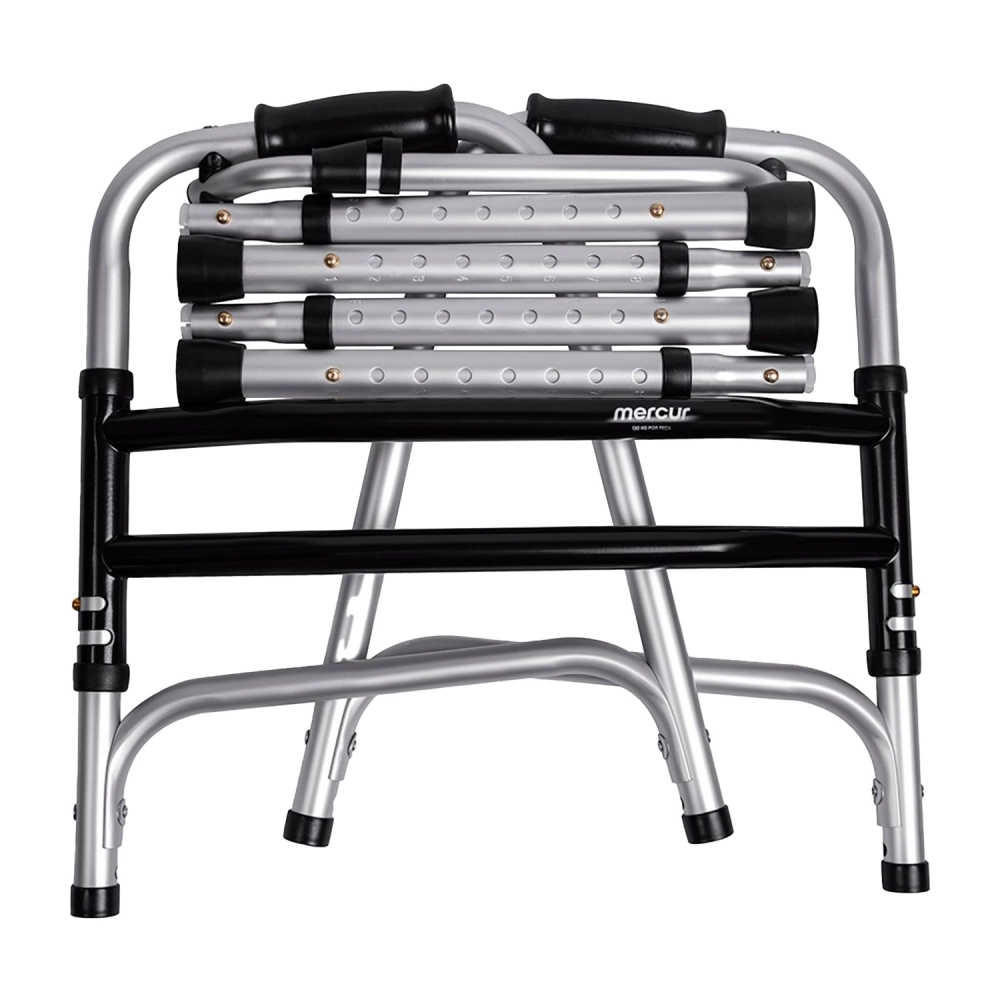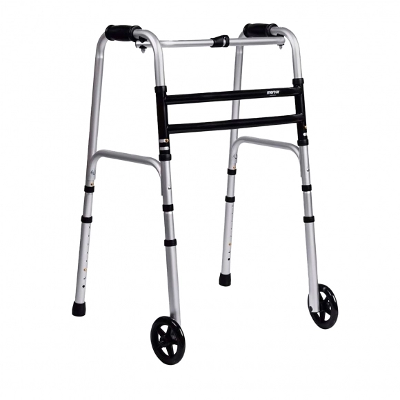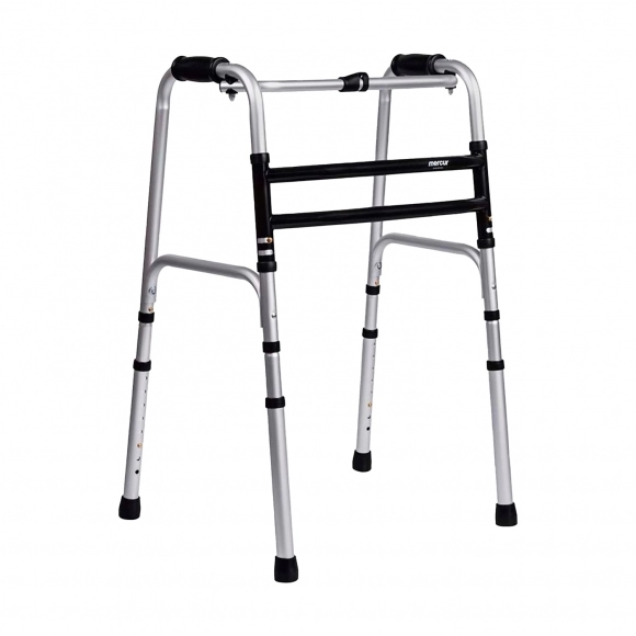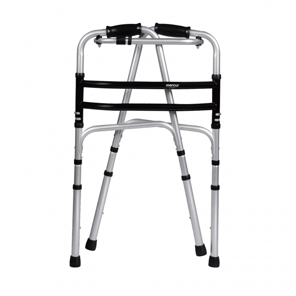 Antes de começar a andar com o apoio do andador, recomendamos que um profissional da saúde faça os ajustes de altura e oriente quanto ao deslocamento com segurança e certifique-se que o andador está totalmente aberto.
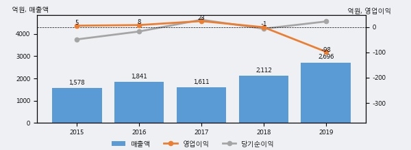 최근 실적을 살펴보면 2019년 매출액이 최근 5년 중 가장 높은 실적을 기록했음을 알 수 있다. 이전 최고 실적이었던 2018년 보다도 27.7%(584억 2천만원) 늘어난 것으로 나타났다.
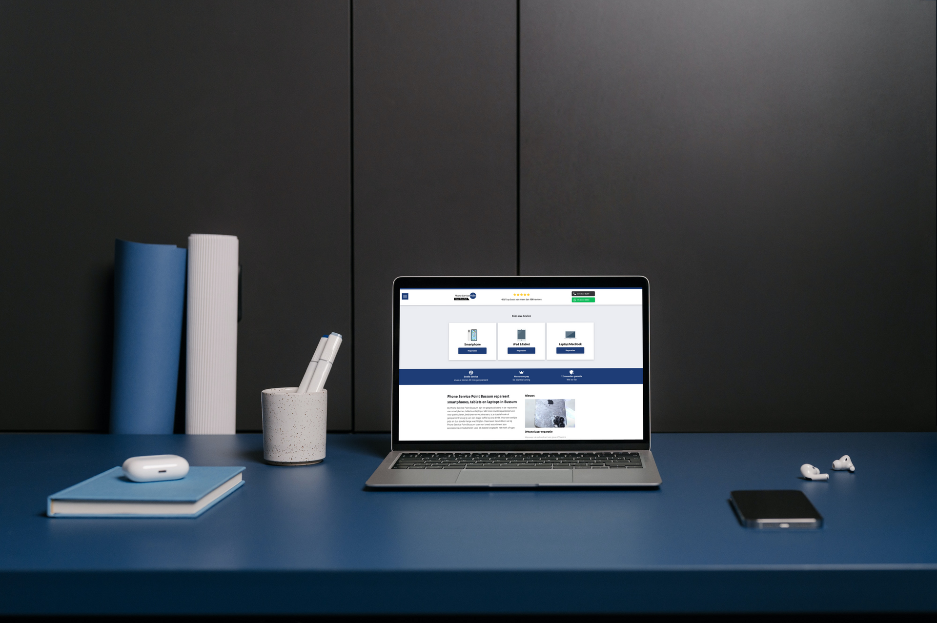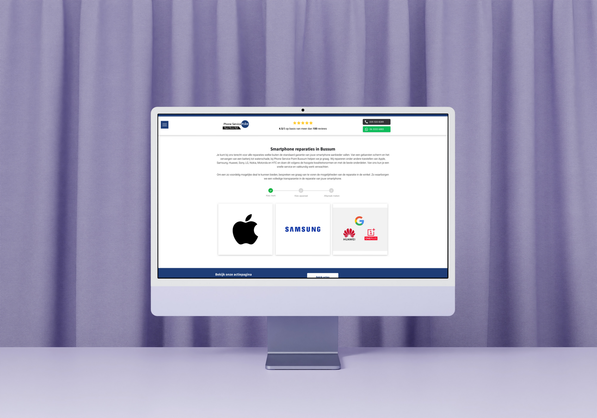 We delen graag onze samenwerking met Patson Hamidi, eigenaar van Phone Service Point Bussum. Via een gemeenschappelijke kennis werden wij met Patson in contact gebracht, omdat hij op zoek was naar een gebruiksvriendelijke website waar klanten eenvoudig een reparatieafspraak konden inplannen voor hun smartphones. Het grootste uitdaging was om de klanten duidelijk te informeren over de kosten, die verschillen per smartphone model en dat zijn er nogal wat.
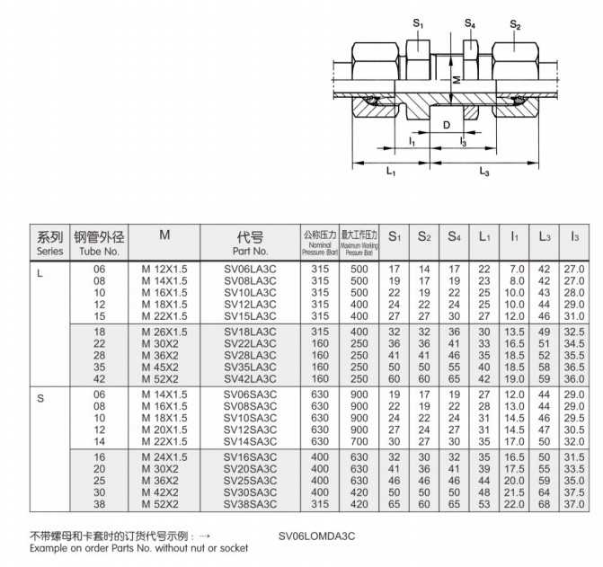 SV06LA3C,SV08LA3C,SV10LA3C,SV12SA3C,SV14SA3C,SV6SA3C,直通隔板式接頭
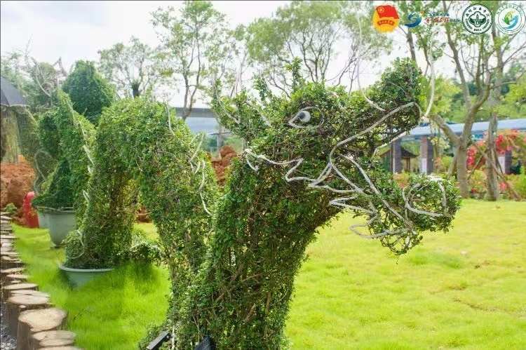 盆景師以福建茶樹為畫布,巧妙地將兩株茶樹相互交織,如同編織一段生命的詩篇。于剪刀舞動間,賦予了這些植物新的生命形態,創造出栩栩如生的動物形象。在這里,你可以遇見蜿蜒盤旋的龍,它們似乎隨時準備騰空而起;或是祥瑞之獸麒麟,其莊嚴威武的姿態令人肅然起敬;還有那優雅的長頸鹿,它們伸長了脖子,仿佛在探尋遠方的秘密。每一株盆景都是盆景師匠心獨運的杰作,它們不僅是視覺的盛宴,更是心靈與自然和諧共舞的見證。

_____

> **PROBLEM REQUIREMENTS**
Write out exactly the lines that run from the one containing "SV06LA3C,SV08L" to the last line of the entries above, both ends kept, pictures left out.

> **SOLUTION TO THIS EXERCISE**
 SV06LA3C,SV08LA3C,SV10LA3C,SV12SA3C,SV14SA3C,SV6SA3C,直通隔板式接頭
 盆景師以福建茶樹為畫布,巧妙地將兩株茶樹相互交織,如同編織一段生命的詩篇。于剪刀舞動間,賦予了這些植物新的生命形態,創造出栩栩如生的動物形象。在這里,你可以遇見蜿蜒盤旋的龍,它們似乎隨時準備騰空而起;或是祥瑞之獸麒麟,其莊嚴威武的姿態令人肅然起敬;還有那優雅的長頸鹿,它們伸長了脖子,仿佛在探尋遠方的秘密。每一株盆景都是盆景師匠心獨運的杰作,它們不僅是視覺的盛宴,更是心靈與自然和諧共舞的見證。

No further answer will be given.